• **Task instructions**
Take nothing but the lines from the one with "Briefkoppen voor cateringbedrijven, restaurants" through the one with "Abb. oben: Die" in the entries below, both ends kept, and return them exactly with pictures left out.

• **Materials provided**

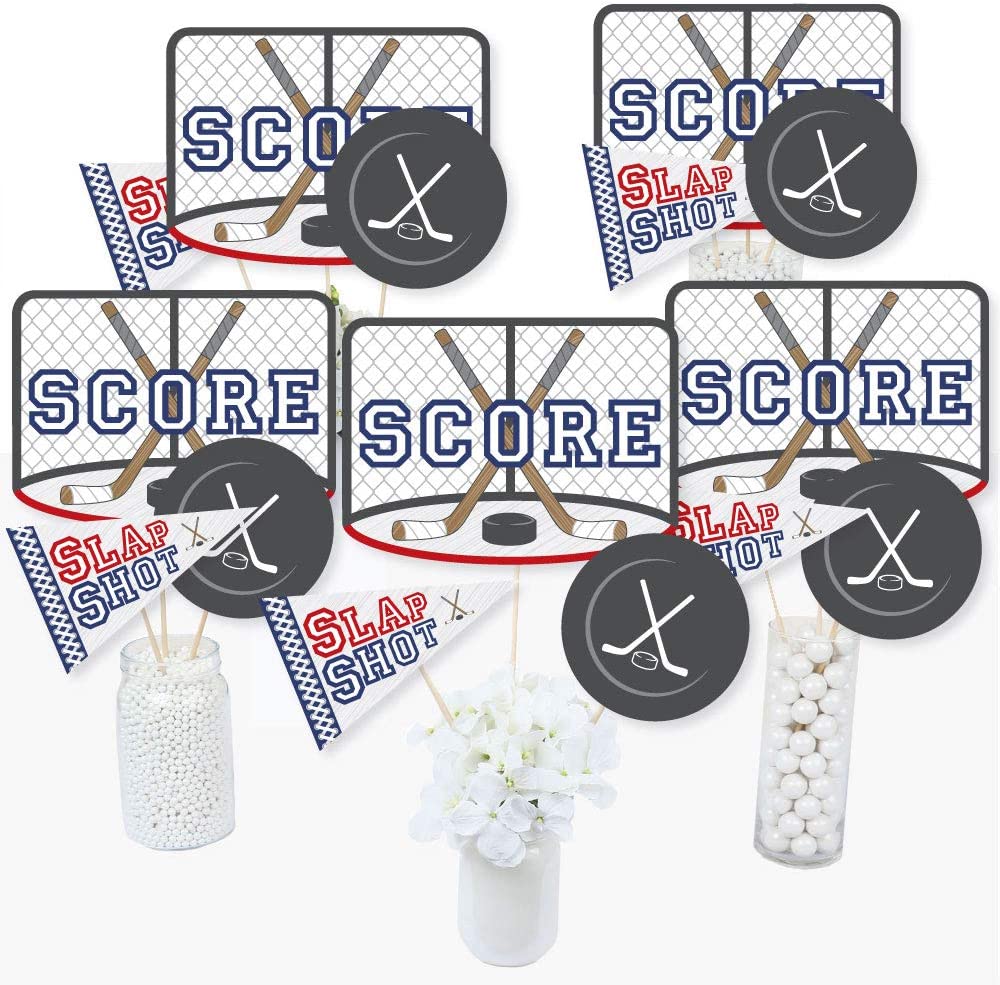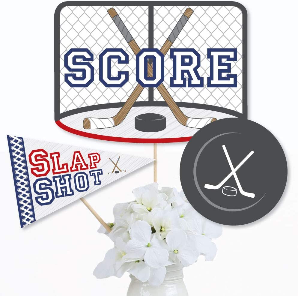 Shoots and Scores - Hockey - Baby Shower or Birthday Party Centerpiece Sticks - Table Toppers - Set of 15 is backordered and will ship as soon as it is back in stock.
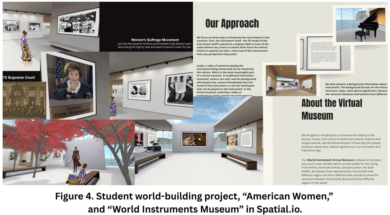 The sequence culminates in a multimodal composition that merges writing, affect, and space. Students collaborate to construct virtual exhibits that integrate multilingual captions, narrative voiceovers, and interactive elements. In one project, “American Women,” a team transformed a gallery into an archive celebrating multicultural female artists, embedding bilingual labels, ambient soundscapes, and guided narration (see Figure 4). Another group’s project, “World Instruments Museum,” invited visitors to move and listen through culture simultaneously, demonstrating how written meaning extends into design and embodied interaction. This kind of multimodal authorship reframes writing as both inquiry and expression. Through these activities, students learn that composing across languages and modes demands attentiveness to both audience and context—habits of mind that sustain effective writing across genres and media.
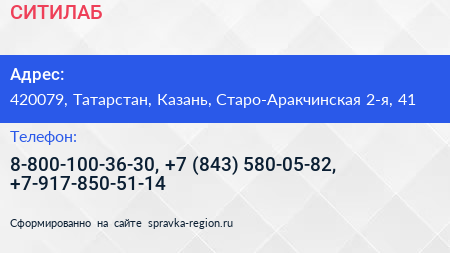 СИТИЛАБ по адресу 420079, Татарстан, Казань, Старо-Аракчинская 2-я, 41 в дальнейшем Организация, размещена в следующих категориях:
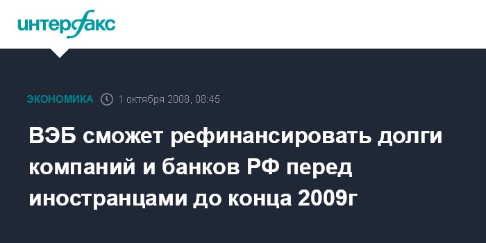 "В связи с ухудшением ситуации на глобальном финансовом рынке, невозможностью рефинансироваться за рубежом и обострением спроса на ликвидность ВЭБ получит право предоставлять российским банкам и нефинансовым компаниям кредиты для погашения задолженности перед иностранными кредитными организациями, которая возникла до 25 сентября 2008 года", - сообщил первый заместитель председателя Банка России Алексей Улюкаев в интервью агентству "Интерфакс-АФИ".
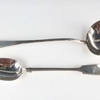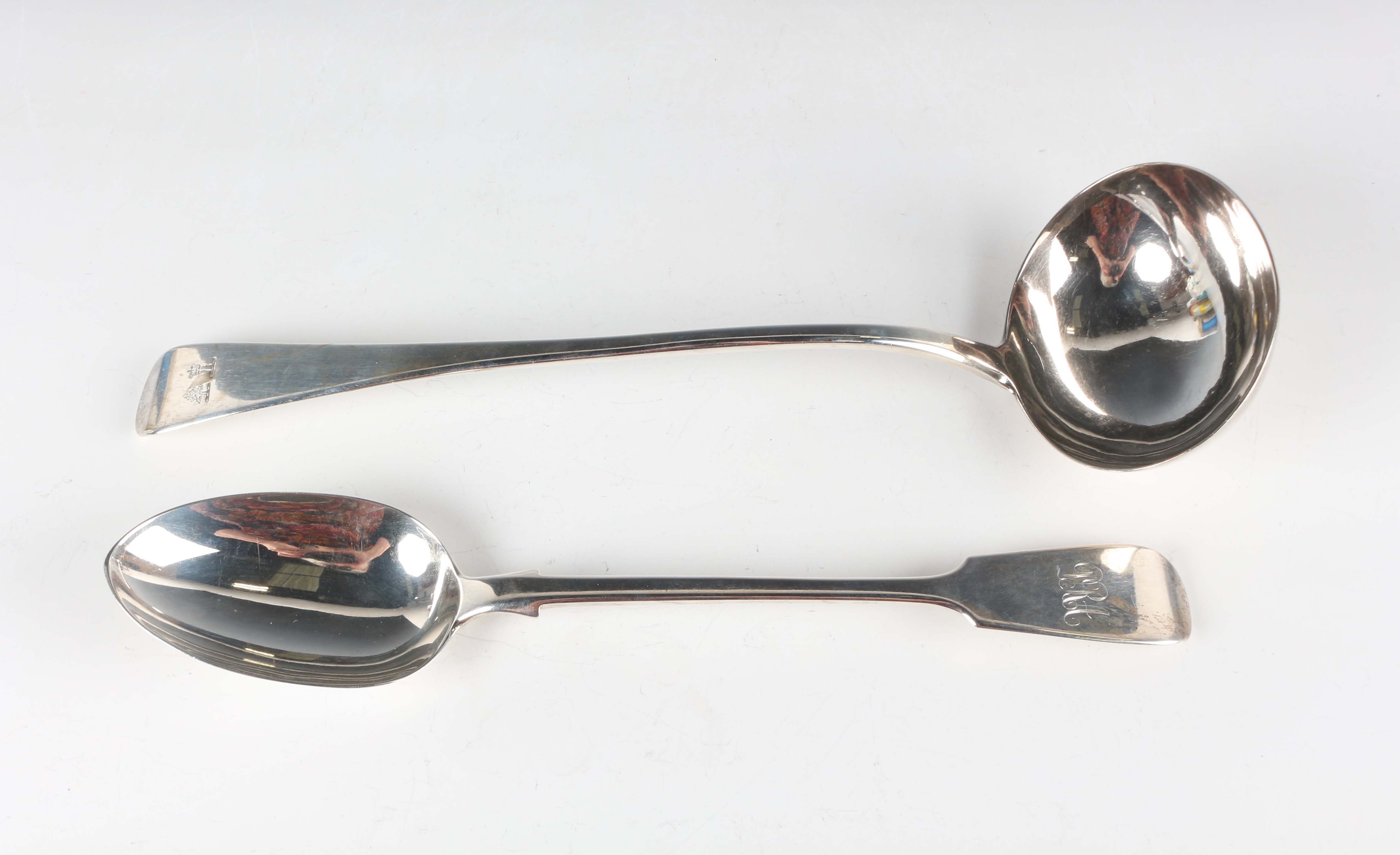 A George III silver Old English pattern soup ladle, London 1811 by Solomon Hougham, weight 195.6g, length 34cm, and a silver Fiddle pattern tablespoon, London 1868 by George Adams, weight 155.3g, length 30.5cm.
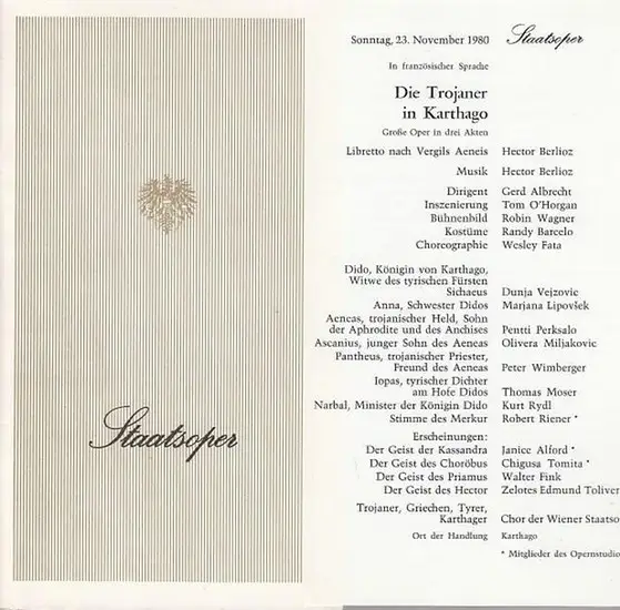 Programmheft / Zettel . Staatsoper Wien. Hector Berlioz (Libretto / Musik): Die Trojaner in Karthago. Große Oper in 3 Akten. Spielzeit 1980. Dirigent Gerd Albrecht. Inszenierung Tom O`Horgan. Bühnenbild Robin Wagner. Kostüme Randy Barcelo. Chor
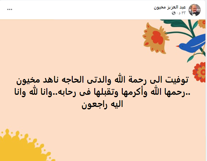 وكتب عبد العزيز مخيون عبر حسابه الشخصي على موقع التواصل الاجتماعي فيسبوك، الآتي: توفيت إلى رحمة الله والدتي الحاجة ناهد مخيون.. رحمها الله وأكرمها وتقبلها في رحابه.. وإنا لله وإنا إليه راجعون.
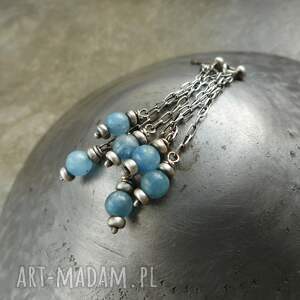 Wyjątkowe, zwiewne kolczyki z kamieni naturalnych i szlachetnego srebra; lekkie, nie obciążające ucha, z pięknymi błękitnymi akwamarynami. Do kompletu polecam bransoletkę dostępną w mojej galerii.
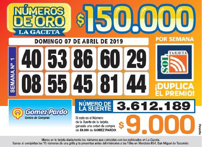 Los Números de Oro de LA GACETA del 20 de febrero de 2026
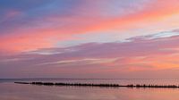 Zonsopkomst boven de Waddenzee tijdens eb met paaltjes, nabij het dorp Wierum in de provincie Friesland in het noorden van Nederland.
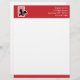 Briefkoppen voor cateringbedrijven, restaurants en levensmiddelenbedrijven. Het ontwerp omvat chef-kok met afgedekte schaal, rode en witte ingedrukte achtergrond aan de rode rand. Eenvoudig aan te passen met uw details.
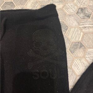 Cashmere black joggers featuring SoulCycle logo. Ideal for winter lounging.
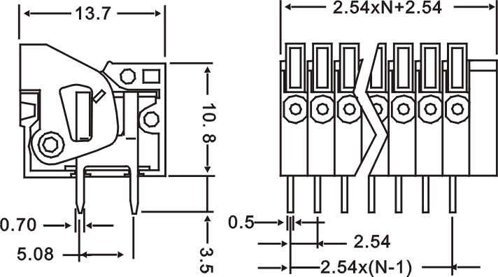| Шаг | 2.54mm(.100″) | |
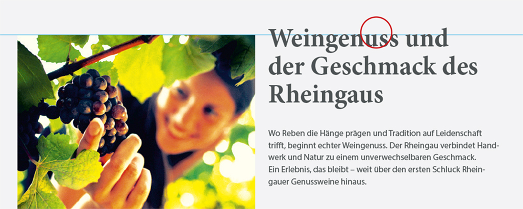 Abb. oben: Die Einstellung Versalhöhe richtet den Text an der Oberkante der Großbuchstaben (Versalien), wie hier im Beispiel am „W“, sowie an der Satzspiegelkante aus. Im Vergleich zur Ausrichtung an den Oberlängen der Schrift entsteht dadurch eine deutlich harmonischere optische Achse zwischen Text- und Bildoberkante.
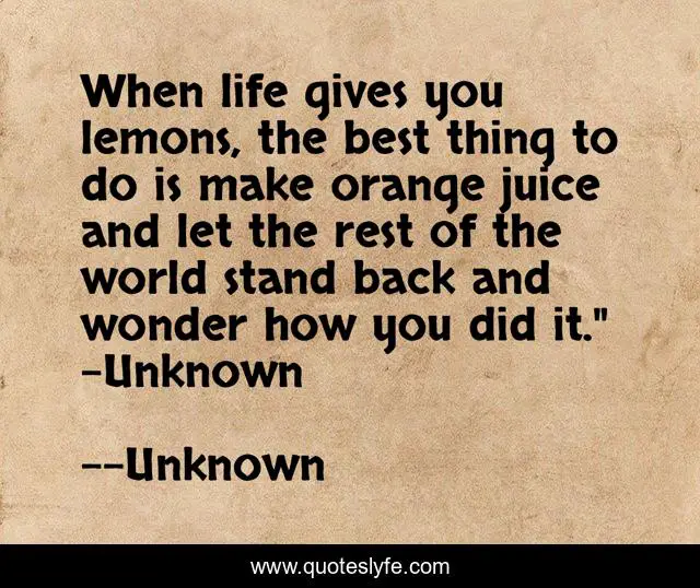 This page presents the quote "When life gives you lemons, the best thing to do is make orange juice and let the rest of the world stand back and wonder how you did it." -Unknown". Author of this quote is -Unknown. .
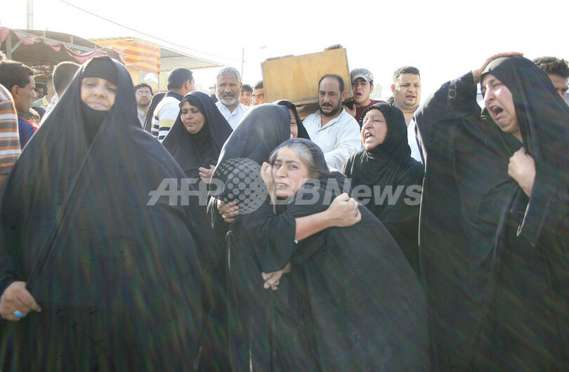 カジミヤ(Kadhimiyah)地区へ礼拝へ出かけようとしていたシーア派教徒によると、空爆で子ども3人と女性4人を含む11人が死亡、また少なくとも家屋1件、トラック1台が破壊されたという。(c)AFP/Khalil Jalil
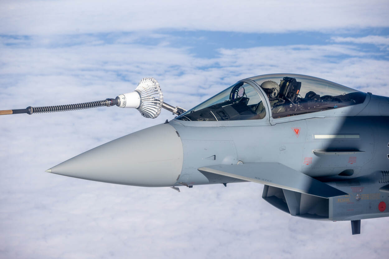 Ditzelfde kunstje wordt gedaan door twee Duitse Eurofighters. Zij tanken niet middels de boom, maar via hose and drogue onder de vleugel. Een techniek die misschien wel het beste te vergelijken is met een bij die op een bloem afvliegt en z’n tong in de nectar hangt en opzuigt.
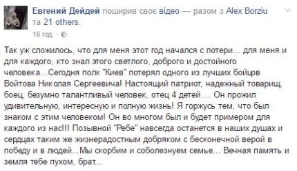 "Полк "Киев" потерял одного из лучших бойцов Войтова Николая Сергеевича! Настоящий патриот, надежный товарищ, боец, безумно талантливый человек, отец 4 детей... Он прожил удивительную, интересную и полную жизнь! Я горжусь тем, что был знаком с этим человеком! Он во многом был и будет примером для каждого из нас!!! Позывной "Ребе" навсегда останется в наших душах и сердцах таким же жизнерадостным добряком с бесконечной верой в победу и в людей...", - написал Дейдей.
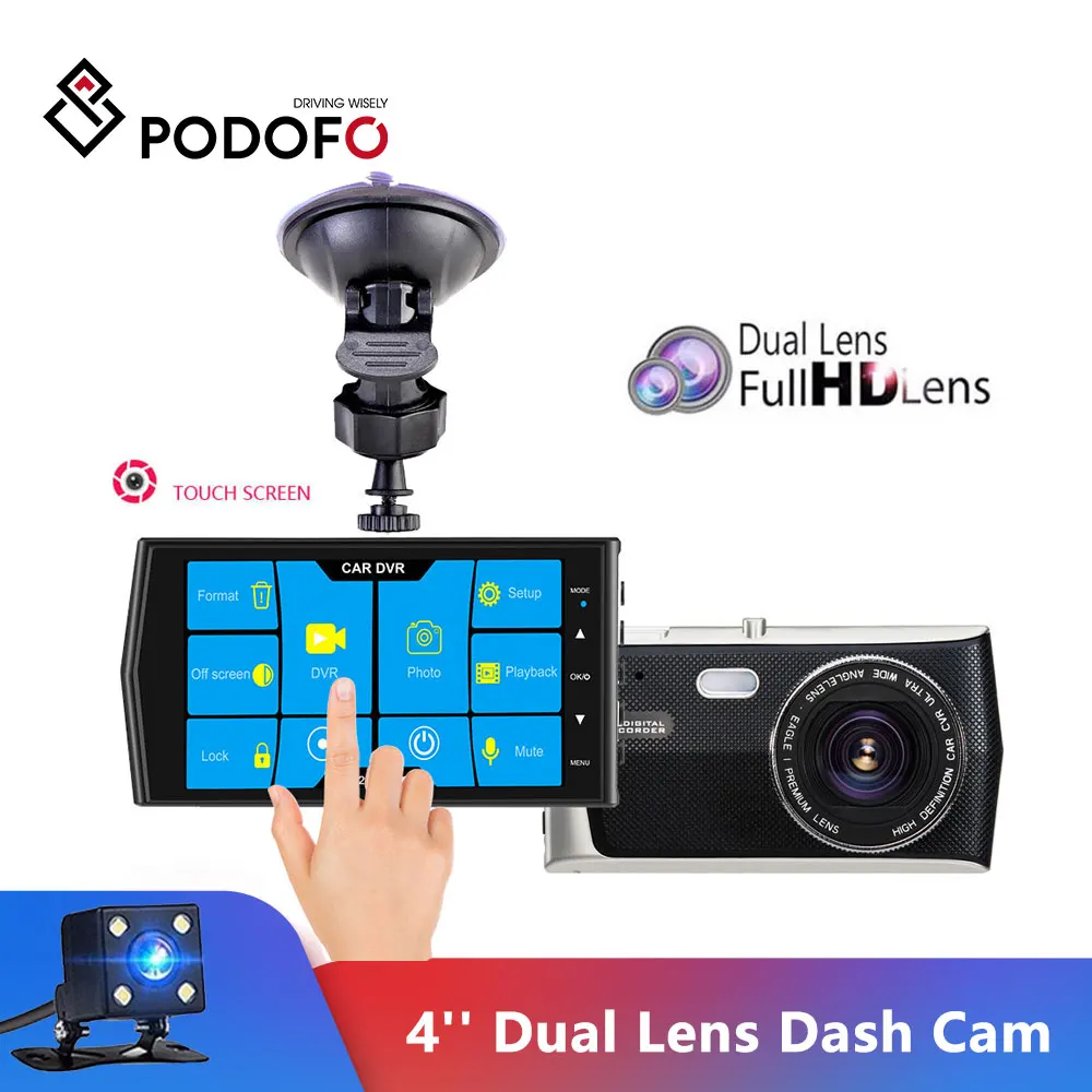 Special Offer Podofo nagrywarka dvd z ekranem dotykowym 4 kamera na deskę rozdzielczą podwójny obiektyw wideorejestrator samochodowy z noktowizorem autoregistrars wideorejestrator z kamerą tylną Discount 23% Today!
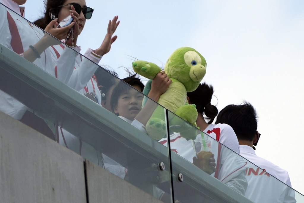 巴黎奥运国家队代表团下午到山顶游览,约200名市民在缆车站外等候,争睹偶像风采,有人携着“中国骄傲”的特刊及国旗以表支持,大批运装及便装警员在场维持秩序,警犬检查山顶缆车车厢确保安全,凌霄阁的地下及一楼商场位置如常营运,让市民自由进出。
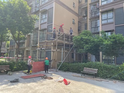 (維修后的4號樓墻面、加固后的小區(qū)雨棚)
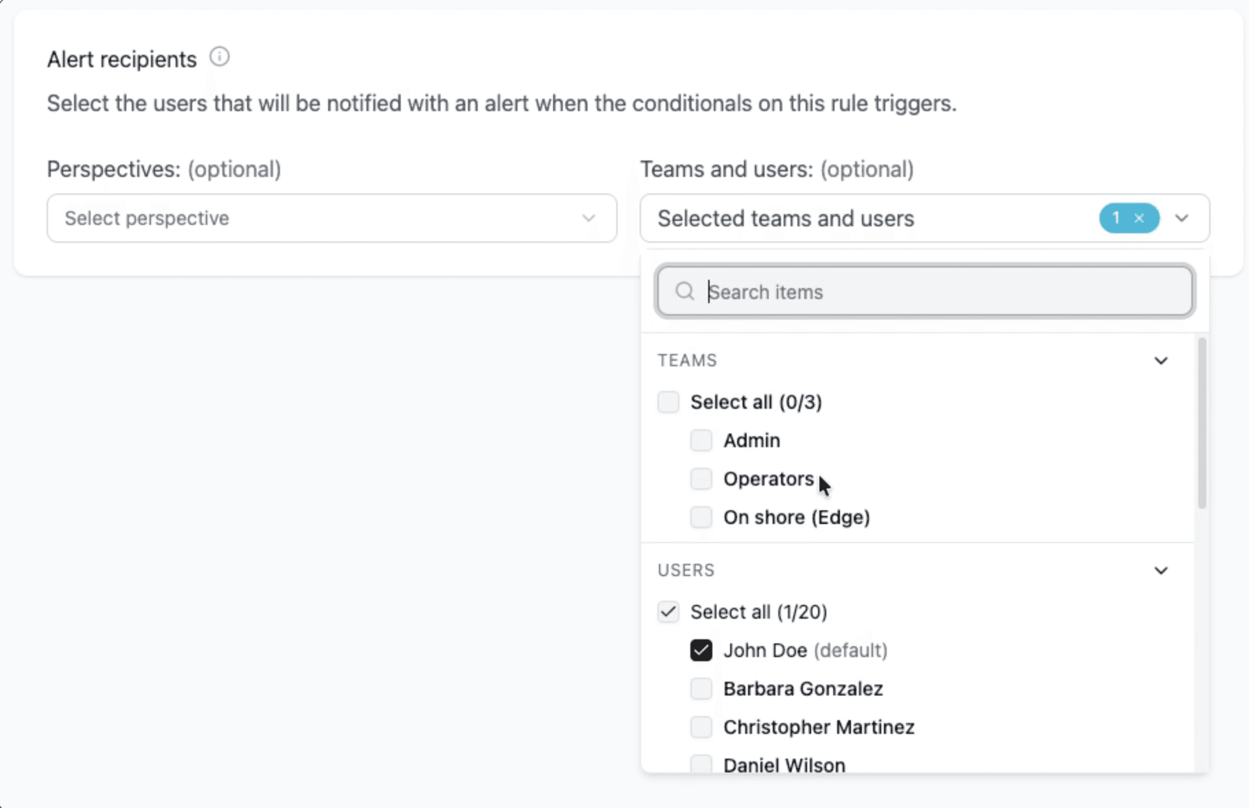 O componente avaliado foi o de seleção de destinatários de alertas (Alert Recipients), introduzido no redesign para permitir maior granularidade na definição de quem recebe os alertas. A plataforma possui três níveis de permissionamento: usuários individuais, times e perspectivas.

• **Answer for this exercise**
 Briefkoppen voor cateringbedrijven, restaurants en levensmiddelenbedrijven. Het ontwerp omvat chef-kok met afgedekte schaal, rode en witte ingedrukte achtergrond aan de rode rand. Eenvoudig aan te passen met uw details.
 Cashmere black joggers featuring SoulCycle logo. Ideal for winter lounging.
| Шаг | 2.54mm(.100″) | |
 Abb. oben: Die Einstellung Versalhöhe richtet den Text an der Oberkante der Großbuchstaben (Versalien), wie hier im Beispiel am „W“, sowie an der Satzspiegelkante aus. Im Vergleich zur Ausrichtung an den Oberlängen der Schrift entsteht dadurch eine deutlich harmonischere optische Achse zwischen Text- und Bildoberkante.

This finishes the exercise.